We arrived at Magic Kingdom on a crowded afternoon shortly before Thanksgiving. My husband and I paused to get our bearings in front of Cinderella’s castle, only to look up and see our brother in law, a Naval officer who we lovingly call “Commando Rob”, marching off, one tot on his shoulders, another in the BOB jog stroller. “Where’s he going?” I asked. “We’re going to Pirates of the Caribbean.” We are? A ride that celebrates thieves, murderers and rapists? Ugh. But by some miracle, winding through the queue to the repeated strains of “yo ho, yo ho, a pirate’s life for me!” worked to pull the stick out of my booty. I laughed, sang, and couldn’t help but notice that Disney had toned down the violence from earlier versions of the ride.
Next we visited the Enchanted Tiki Room, a childhood favorite. Who doesn’t love joke-telling macaws and an island beat? It’s so kitschy, it’s almost cool. We rode a few more rides, but dinner at an over-priced, over-crowded buffet brought out my anti-Disney grumpiness.
Until we saw it. Cinderella’s castle lit up in its glistening holiday glory. I actually caught my breath. The hushed crowd jostled for position to snap photos. We squeezed in and stared. I can’t explain it, but Disney magic is for real.
During the next several days we happily safaried through Animal Kingdom, globetrotted through Epcot, and relived favorite movie memories at Hollywood Studios (although I still can’t stomach The Little Mermaid’s story of a girl who gives up her voice to be with a man). We loved seeing our daughter’s face light up when she spotted Mickey Mouse and watching her laugh with her cousins.
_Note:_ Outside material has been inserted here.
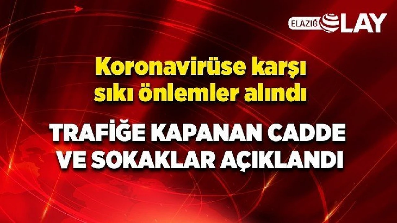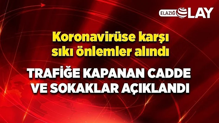 Elazığ Valiliği tarafından vatandaşları koronavirüs salgınından korumak ve yayılmasını engellemek amacıyla il genelinde ilave tedbirler alındı. Alınan tedbirler doğrultusunda, belirlenen cadde ve sokaklar 03 Nisan 2020 Cuma günü saat 11.00 itibariyle Elazığ İl Emniyet Müdürlüğü tarafından trafiğe kapatıldı.

I’ve also learned to admire the man behind the mouse, Walt Disney. Imperfect like all of us, Disney fought criticism that his cartoons promoted cultural stereotypes. But as an innovator and entrepreneur, Disney’s accomplishments are hard to deny. He built an empire by overcoming setbacks and celebrating creativity. “If you can dream it, you can do it” became Disney’s motto. He dreamed of a place people could have fun with their families. “Disneyland is a work of love. We didn’t go into Disneyland just with the idea of making money.” I respect Disney’s imagination, vision and the courage it took to build a happy place in a cynical world.
And soon, we’re taking our daughter, now age 5, back to Disney World for a trip that she’ll remember. I think I’m just as excited as she is.